▸ **RECORDS FOR THIS EXERCISE**
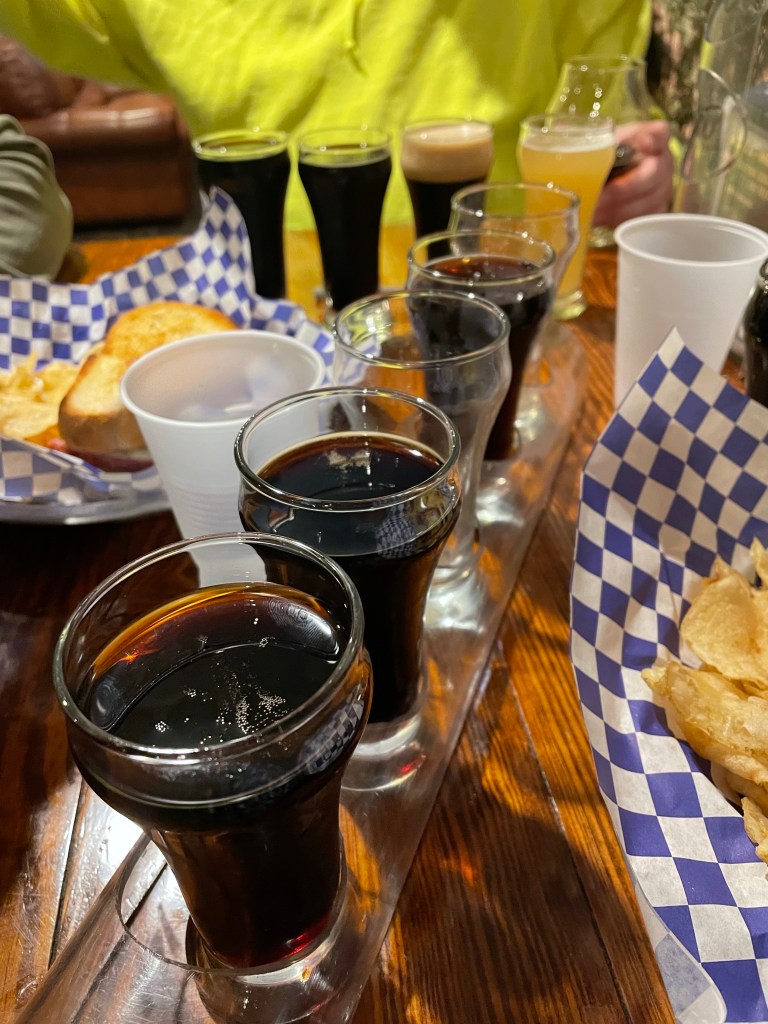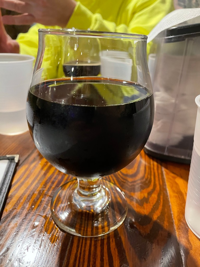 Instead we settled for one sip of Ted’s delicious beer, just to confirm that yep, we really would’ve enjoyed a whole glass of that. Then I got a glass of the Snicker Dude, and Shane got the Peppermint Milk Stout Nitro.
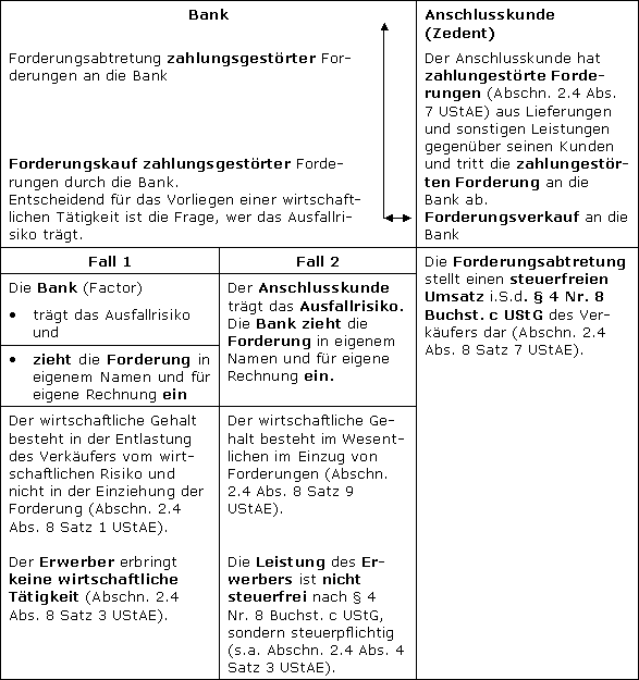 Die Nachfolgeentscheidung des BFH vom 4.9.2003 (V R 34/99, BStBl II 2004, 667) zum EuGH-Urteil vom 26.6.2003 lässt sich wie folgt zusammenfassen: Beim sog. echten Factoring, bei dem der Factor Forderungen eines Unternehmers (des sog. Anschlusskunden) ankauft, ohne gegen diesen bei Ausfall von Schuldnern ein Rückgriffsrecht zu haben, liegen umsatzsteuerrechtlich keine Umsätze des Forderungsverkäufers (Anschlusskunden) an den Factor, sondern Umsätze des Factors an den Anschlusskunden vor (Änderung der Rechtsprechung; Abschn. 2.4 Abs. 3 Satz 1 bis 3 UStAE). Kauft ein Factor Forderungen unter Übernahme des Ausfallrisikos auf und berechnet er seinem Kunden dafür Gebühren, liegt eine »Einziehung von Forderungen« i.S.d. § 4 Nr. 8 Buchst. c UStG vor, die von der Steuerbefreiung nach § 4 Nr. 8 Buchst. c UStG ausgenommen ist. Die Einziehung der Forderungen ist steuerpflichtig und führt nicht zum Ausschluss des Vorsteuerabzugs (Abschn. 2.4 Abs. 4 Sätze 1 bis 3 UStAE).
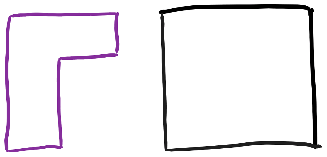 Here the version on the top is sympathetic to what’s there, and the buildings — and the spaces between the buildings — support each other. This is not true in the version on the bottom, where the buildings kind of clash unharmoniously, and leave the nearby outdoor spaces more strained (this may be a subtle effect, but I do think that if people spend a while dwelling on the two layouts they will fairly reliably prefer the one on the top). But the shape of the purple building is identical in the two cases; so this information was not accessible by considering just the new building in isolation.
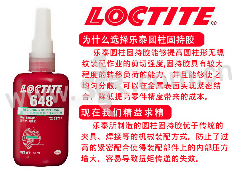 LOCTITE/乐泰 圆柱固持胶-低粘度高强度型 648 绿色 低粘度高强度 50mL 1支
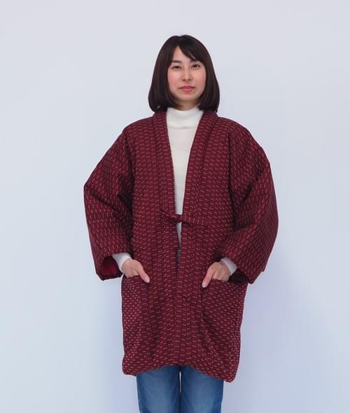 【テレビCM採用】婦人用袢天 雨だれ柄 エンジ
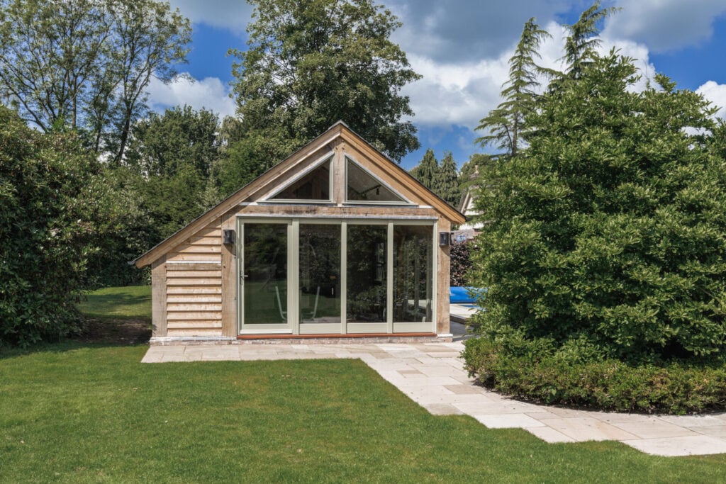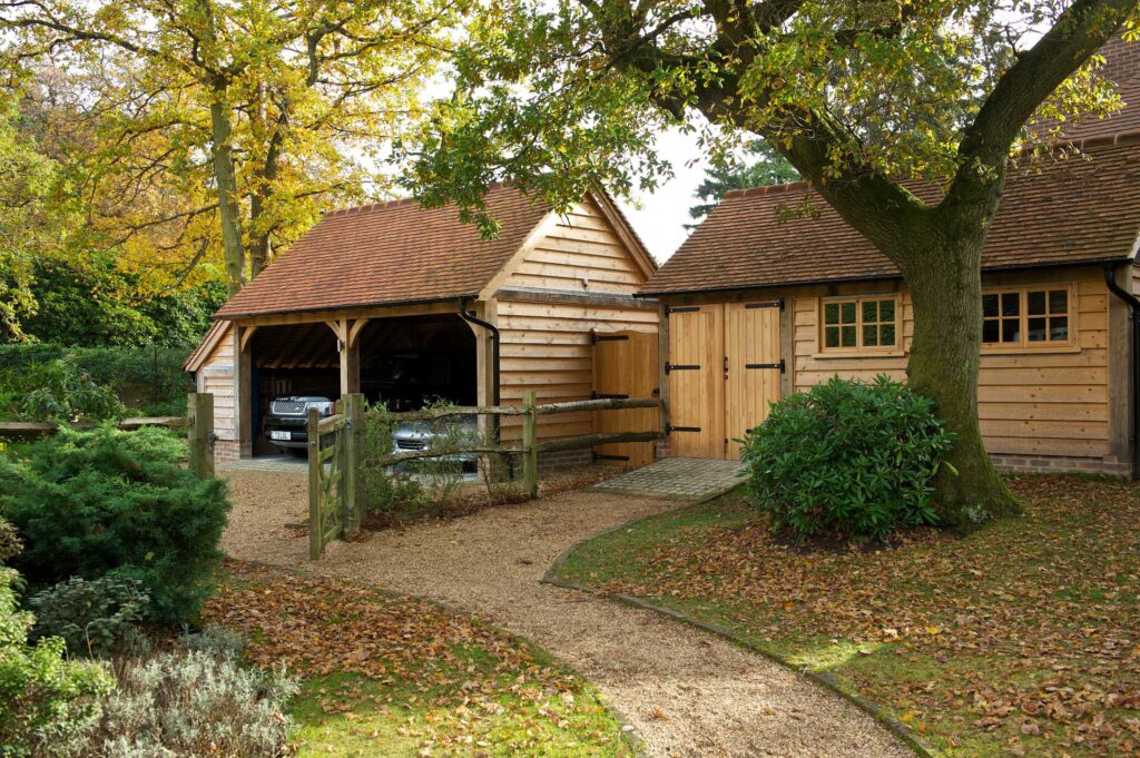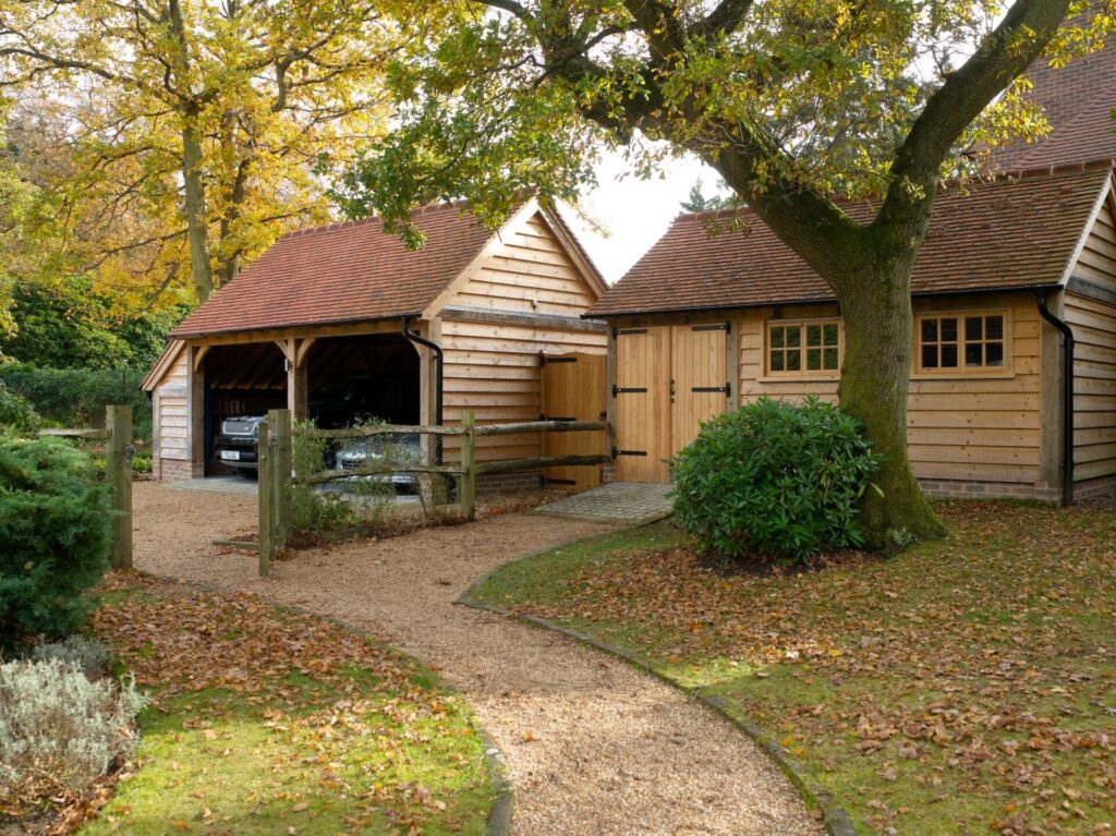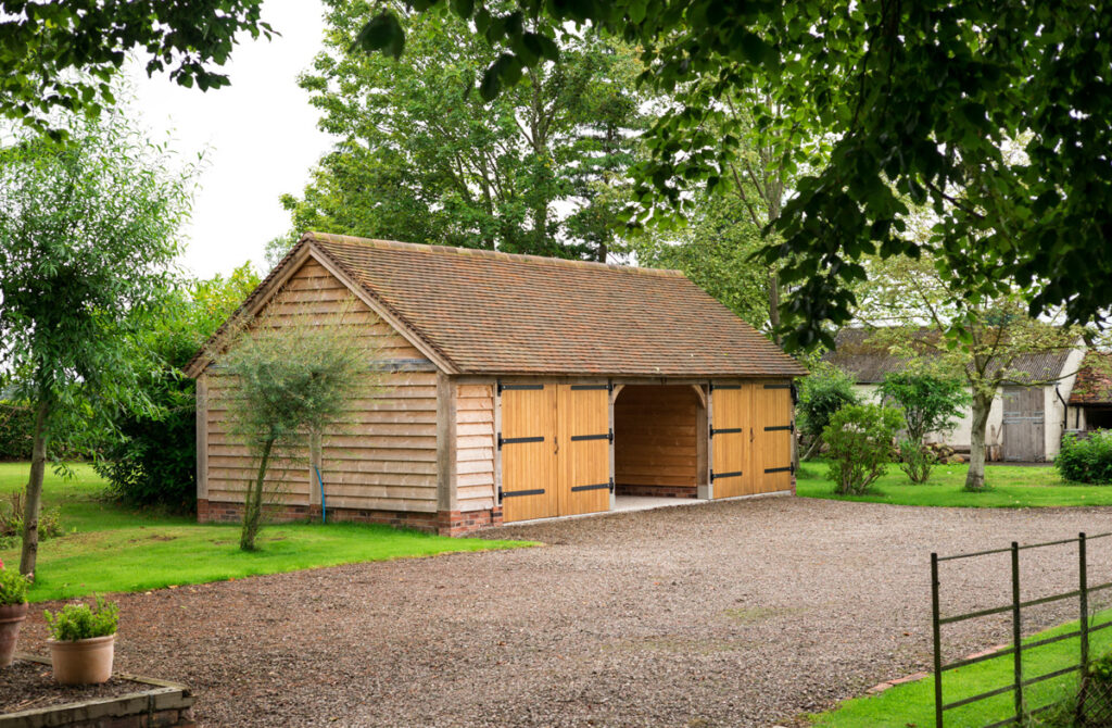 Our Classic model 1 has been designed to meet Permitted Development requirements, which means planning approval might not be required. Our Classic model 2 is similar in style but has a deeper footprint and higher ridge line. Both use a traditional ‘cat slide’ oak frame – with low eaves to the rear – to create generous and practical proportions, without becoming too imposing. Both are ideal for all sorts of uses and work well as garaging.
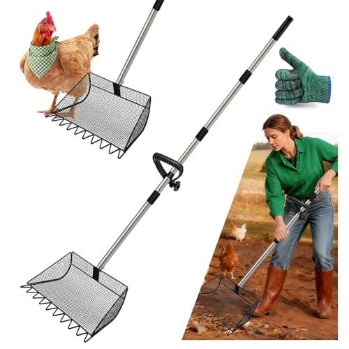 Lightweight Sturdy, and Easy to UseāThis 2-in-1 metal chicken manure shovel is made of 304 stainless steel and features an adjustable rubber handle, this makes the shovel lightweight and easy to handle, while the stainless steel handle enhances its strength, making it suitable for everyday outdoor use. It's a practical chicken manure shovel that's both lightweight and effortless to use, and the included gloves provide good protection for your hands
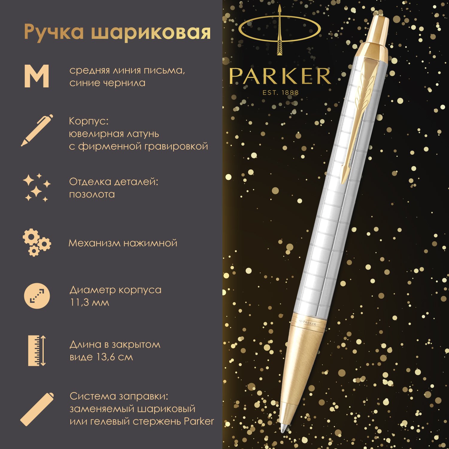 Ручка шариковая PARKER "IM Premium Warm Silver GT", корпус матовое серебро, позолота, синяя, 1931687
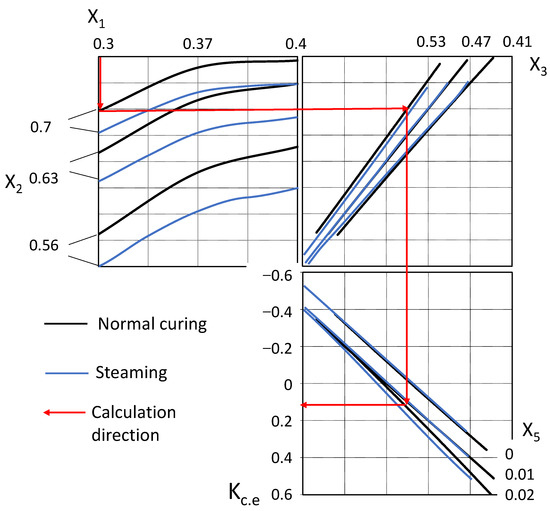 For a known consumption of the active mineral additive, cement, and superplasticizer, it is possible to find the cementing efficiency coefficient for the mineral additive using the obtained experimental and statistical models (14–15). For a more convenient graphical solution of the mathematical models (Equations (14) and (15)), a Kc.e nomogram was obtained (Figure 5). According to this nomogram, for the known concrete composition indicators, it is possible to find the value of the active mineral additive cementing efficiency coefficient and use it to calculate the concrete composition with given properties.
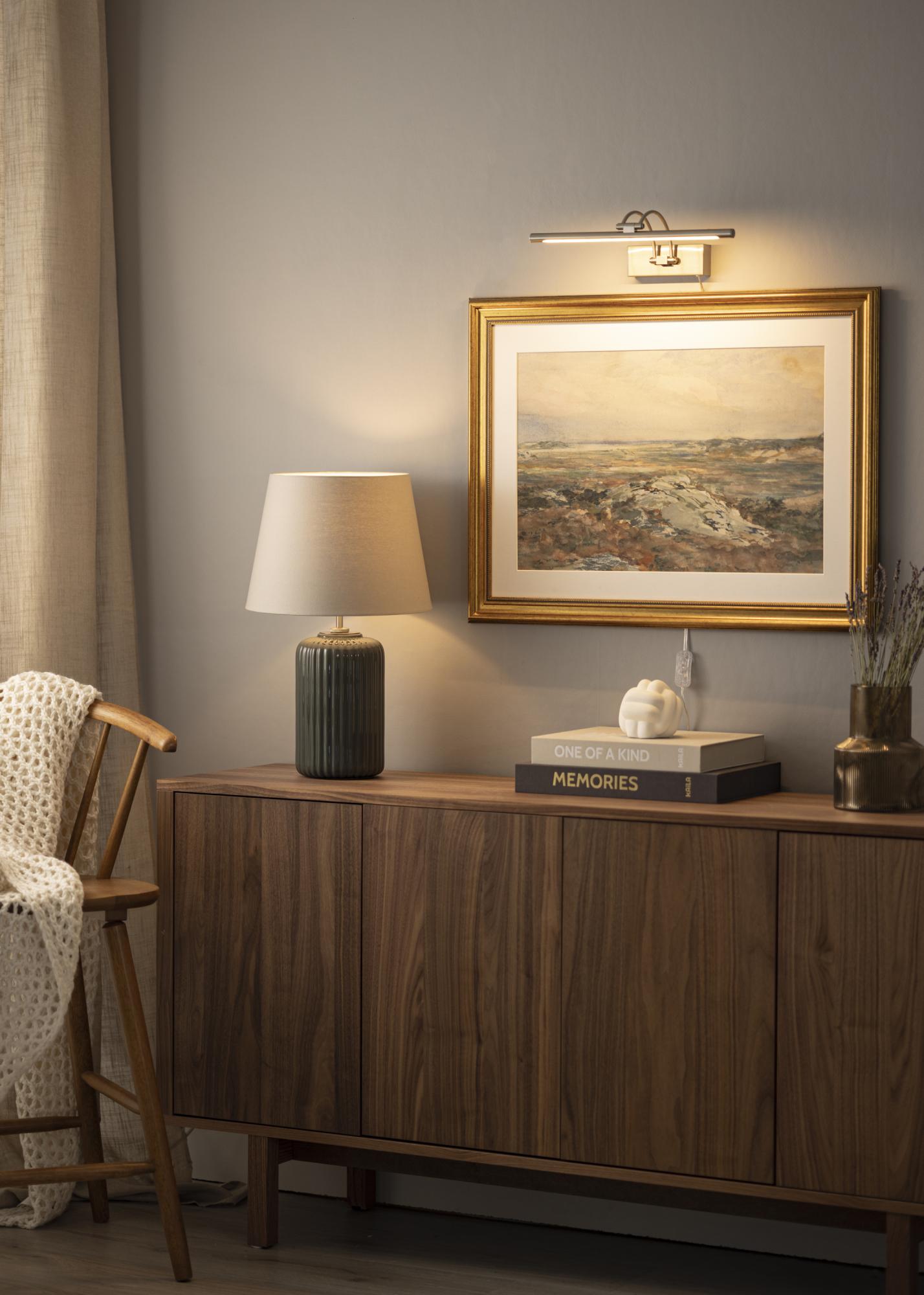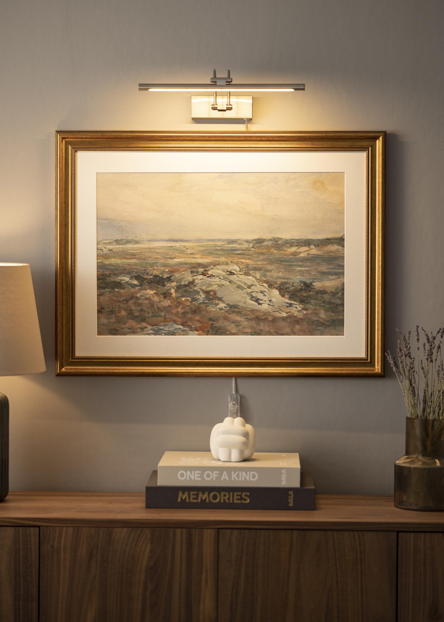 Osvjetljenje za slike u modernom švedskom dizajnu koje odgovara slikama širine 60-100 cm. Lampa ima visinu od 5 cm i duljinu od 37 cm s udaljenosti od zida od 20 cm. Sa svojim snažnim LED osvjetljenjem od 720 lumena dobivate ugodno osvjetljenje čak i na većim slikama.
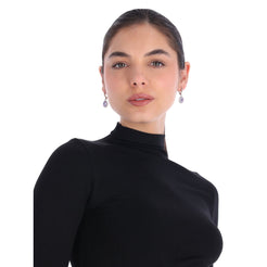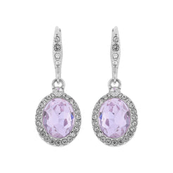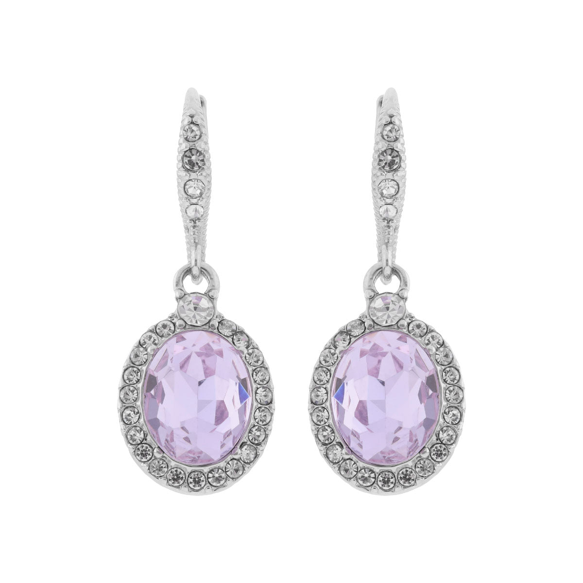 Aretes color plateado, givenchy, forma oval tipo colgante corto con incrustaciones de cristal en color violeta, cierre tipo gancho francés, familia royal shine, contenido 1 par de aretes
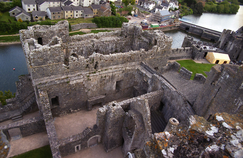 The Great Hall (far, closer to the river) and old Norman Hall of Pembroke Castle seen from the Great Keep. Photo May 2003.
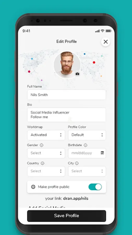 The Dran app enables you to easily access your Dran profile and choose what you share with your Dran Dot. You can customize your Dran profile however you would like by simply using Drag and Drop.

▸ **WORK ITEM**
The reply should contain every line of the material exactly, and no images.

▸ **RESPONSE BOX**
 Instead we settled for one sip of Ted’s delicious beer, just to confirm that yep, we really would’ve enjoyed a whole glass of that. Then I got a glass of the Snicker Dude, and Shane got the Peppermint Milk Stout Nitro.
 Die Nachfolgeentscheidung des BFH vom 4.9.2003 (V R 34/99, BStBl II 2004, 667) zum EuGH-Urteil vom 26.6.2003 lässt sich wie folgt zusammenfassen: Beim sog. echten Factoring, bei dem der Factor Forderungen eines Unternehmers (des sog. Anschlusskunden) ankauft, ohne gegen diesen bei Ausfall von Schuldnern ein Rückgriffsrecht zu haben, liegen umsatzsteuerrechtlich keine Umsätze des Forderungsverkäufers (Anschlusskunden) an den Factor, sondern Umsätze des Factors an den Anschlusskunden vor (Änderung der Rechtsprechung; Abschn. 2.4 Abs. 3 Satz 1 bis 3 UStAE). Kauft ein Factor Forderungen unter Übernahme des Ausfallrisikos auf und berechnet er seinem Kunden dafür Gebühren, liegt eine »Einziehung von Forderungen« i.S.d. § 4 Nr. 8 Buchst. c UStG vor, die von der Steuerbefreiung nach § 4 Nr. 8 Buchst. c UStG ausgenommen ist. Die Einziehung der Forderungen ist steuerpflichtig und führt nicht zum Ausschluss des Vorsteuerabzugs (Abschn. 2.4 Abs. 4 Sätze 1 bis 3 UStAE).
 Here the version on the top is sympathetic to what’s there, and the buildings — and the spaces between the buildings — support each other. This is not true in the version on the bottom, where the buildings kind of clash unharmoniously, and leave the nearby outdoor spaces more strained (this may be a subtle effect, but I do think that if people spend a while dwelling on the two layouts they will fairly reliably prefer the one on the top). But the shape of the purple building is identical in the two cases; so this information was not accessible by considering just the new building in isolation.
 LOCTITE/乐泰 圆柱固持胶-低粘度高强度型 648 绿色 低粘度高强度 50mL 1支
 【テレビCM採用】婦人用袢天 雨だれ柄 エンジ
 Our Classic model 1 has been designed to meet Permitted Development requirements, which means planning approval might not be required. Our Classic model 2 is similar in style but has a deeper footprint and higher ridge line. Both use a traditional ‘cat slide’ oak frame – with low eaves to the rear – to create generous and practical proportions, without becoming too imposing. Both are ideal for all sorts of uses and work well as garaging.
 Lightweight Sturdy, and Easy to UseāThis 2-in-1 metal chicken manure shovel is made of 304 stainless steel and features an adjustable rubber handle, this makes the shovel lightweight and easy to handle, while the stainless steel handle enhances its strength, making it suitable for everyday outdoor use. It's a practical chicken manure shovel that's both lightweight and effortless to use, and the included gloves provide good protection for your hands
 Ручка шариковая PARKER "IM Premium Warm Silver GT", корпус матовое серебро, позолота, синяя, 1931687
 For a known consumption of the active mineral additive, cement, and superplasticizer, it is possible to find the cementing efficiency coefficient for the mineral additive using the obtained experimental and statistical models (14–15). For a more convenient graphical solution of the mathematical models (Equations (14) and (15)), a Kc.e nomogram was obtained (Figure 5). According to this nomogram, for the known concrete composition indicators, it is possible to find the value of the active mineral additive cementing efficiency coefficient and use it to calculate the concrete composition with given properties.
 Osvjetljenje za slike u modernom švedskom dizajnu koje odgovara slikama širine 60-100 cm. Lampa ima visinu od 5 cm i duljinu od 37 cm s udaljenosti od zida od 20 cm. Sa svojim snažnim LED osvjetljenjem od 720 lumena dobivate ugodno osvjetljenje čak i na većim slikama.
 Aretes color plateado, givenchy, forma oval tipo colgante corto con incrustaciones de cristal en color violeta, cierre tipo gancho francés, familia royal shine, contenido 1 par de aretes
 The Great Hall (far, closer to the river) and old Norman Hall of Pembroke Castle seen from the Great Keep. Photo May 2003.
 The Dran app enables you to easily access your Dran profile and choose what you share with your Dran Dot. You can customize your Dran profile however you would like by simply using Drag and Drop.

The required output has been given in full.